Dag Jim,
(geef je je onderwerp de volgende keer aub een beetje een duidelijke titel? Nu heb ik dat maar even voor je gedaan)
Een bewegingsvergelijking vertelt je iets over de snelheid van het voorwerp op elk tijdstip.
de snelheid van een voorwerp op een tijdstip t schrijf je als v(t)
De beginsnelheid (op tijdstip 0) ken je: v(0) = 6 m/s
Terwijl je voorwerp omhoog beweegt werkt de zwaartekrachtversnelling g erop: 9,8 m/s². Je voorwerp gaat met een beginsnelheid omhoog, de zwaartekrachtversnelling werkt daar precies tegenin. Die versnelling geven we daarom maar een minteken: g= -9,8 m/s².
En nu maar even puzzelen. Je begint met 6 m/s. Een versnelling van -9,8 m/s² betekent: elke seconde neemt die snelheid met 9,8 m/s af.

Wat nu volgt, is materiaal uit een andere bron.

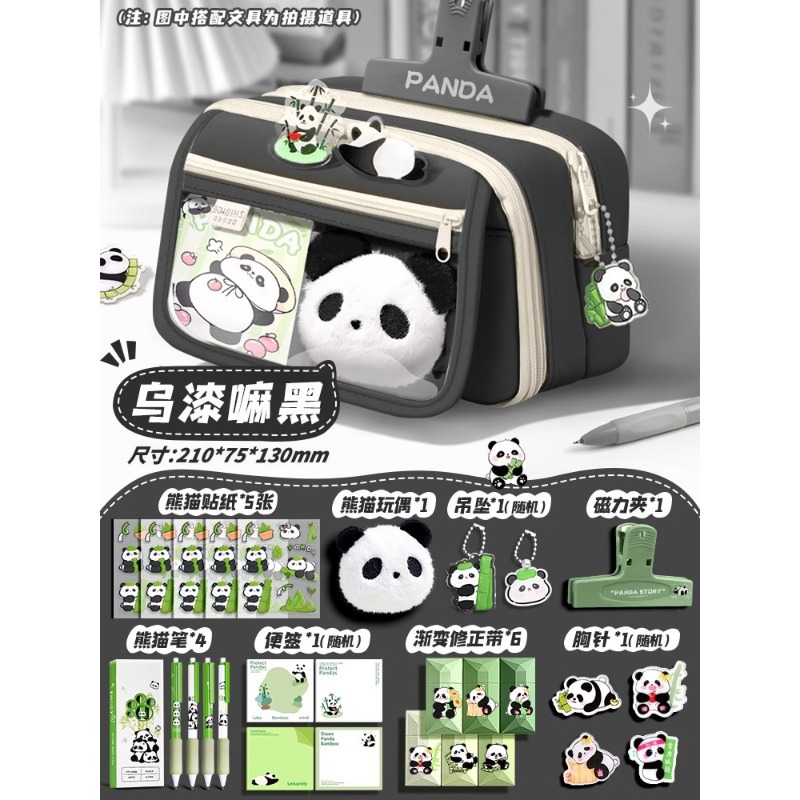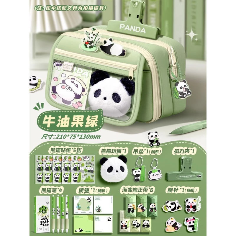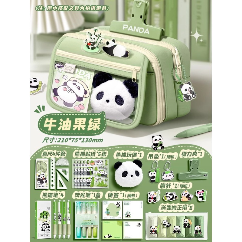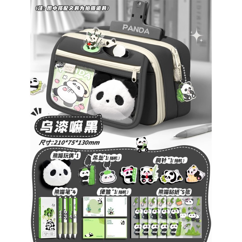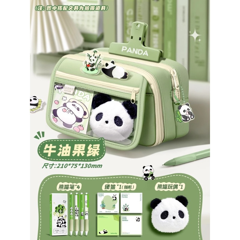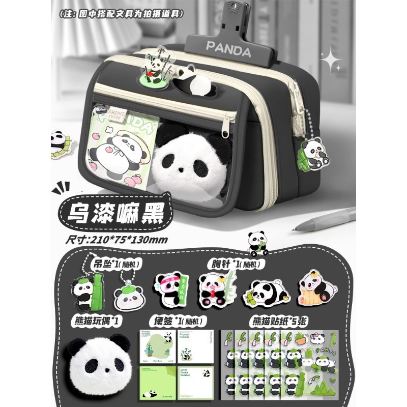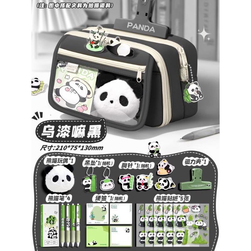 大容量熊猫笔袋高颜值文具袋女生文具盒套装男生小学生初中铅笔盒

Ik zou zeggen, maak eens een tabelletje met tijd en snelheid, seconde voor seconde. Zet die gegevens in een diagram met v(t) op de y-as, en t op de x-as, een v/t grafiek. En probeer dan eens te bedenken hoe de vergelijking eruitziet die bij die grafiek hoort.
Loop je vast, kom gerust terug, maar vertel dan wél wat je al gedaan hebt en waar je vastloopt. Een gif-plaatje van je grafiek kun je als bijlage uploaden.